_PROBLEM REQUIREMENTS_. For the entries below, repeat exactly each line starting with the one that contains "Details of privacy" and going on through the one that contains "Bra, då gäller", and no others.

_SOURCE RECORDS_.

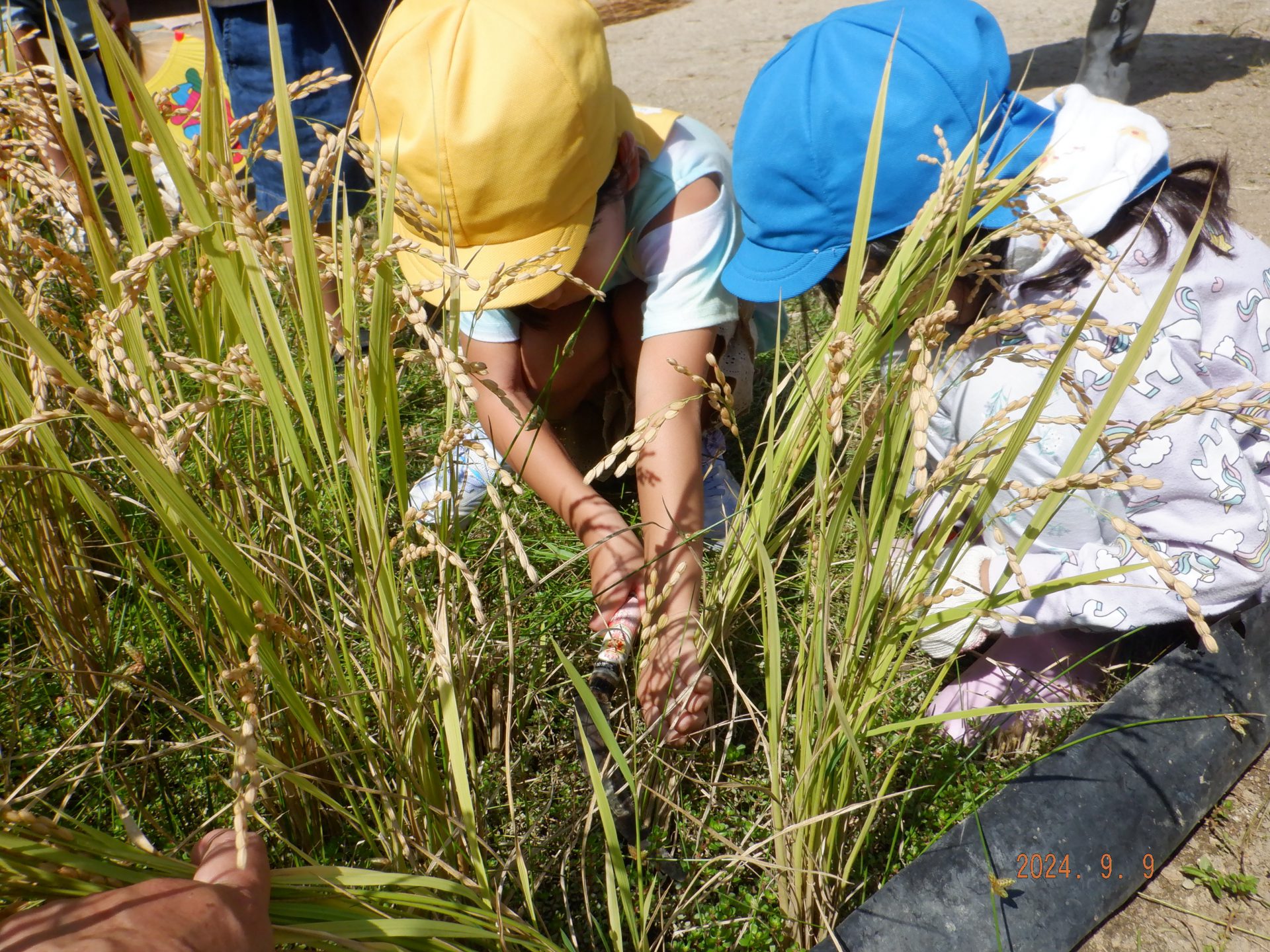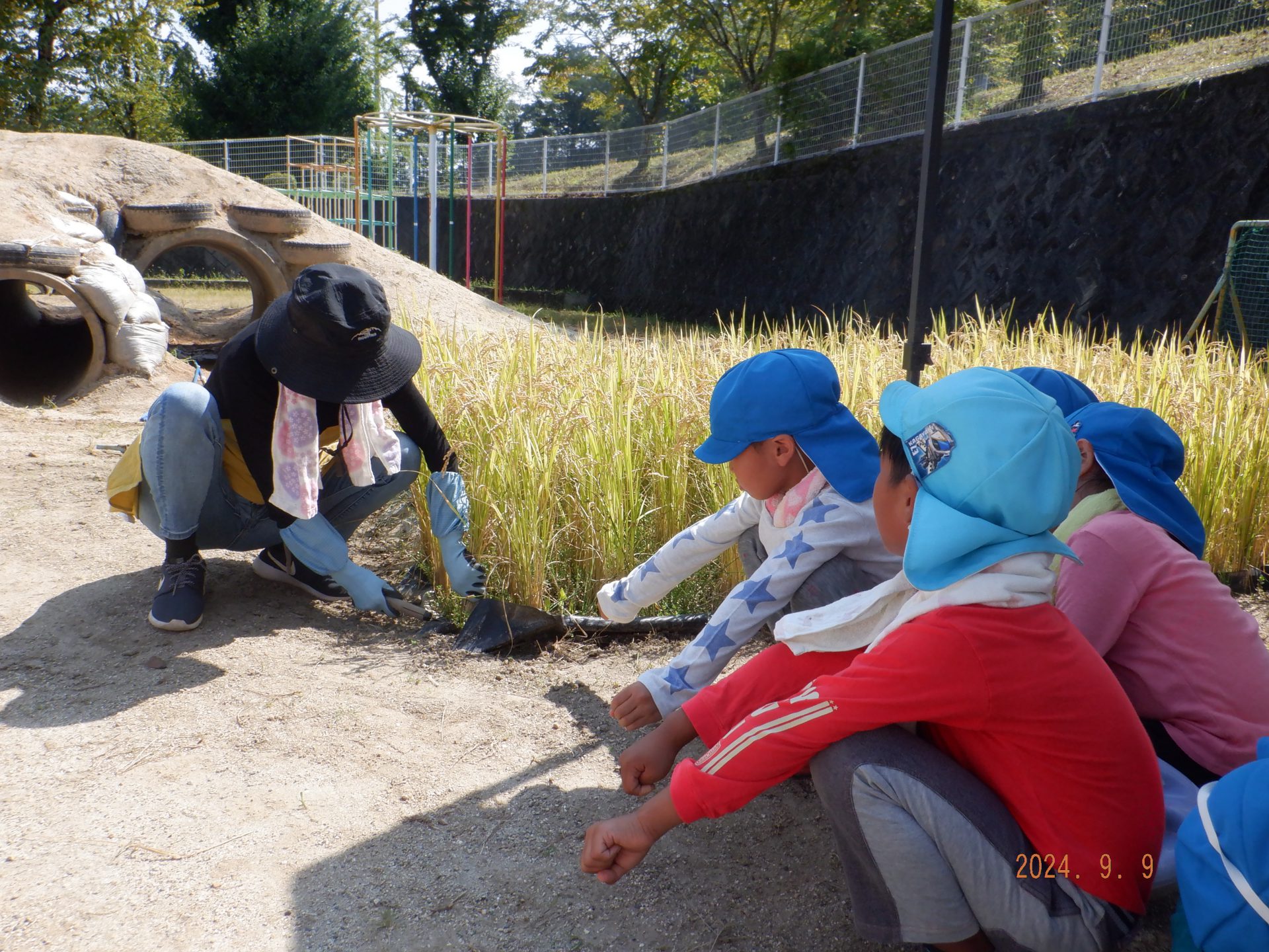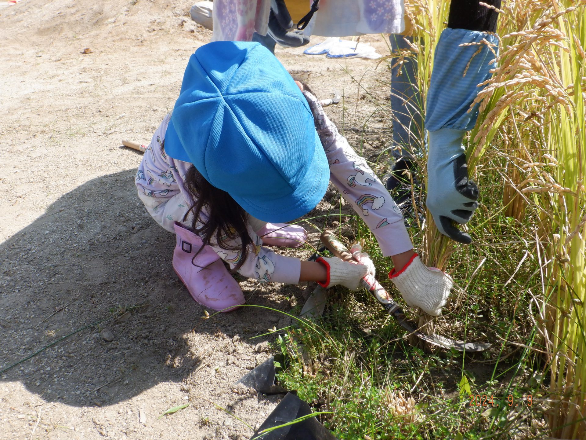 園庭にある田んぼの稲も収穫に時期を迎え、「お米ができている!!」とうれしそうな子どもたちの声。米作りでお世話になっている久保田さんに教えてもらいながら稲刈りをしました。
* * *
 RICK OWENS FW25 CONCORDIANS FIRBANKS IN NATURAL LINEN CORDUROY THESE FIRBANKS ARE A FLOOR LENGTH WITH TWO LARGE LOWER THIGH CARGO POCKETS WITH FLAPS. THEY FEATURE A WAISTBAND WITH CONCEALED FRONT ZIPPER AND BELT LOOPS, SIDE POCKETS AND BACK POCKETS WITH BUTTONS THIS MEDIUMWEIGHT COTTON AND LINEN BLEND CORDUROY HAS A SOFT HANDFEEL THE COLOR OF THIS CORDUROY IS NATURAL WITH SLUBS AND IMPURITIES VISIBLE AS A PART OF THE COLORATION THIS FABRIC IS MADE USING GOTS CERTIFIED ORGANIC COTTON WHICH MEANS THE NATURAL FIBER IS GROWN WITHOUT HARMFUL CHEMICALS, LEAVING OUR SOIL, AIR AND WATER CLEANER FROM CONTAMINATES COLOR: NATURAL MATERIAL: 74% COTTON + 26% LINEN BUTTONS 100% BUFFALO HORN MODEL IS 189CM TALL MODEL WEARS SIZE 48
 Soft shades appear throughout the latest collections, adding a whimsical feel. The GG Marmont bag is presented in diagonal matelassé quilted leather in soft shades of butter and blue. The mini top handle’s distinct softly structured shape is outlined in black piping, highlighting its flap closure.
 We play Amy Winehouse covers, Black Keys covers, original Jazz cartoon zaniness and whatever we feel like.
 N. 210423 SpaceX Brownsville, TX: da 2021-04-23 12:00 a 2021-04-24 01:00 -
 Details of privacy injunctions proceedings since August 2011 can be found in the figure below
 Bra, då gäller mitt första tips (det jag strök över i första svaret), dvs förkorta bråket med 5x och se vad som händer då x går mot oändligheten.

_TASK OUTPUT_.
 Details of privacy injunctions proceedings since August 2011 can be found in the figure below
 Bra, då gäller mitt första tips (det jag strök över i första svaret), dvs förkorta bråket med 5x och se vad som händer då x går mot oändligheten.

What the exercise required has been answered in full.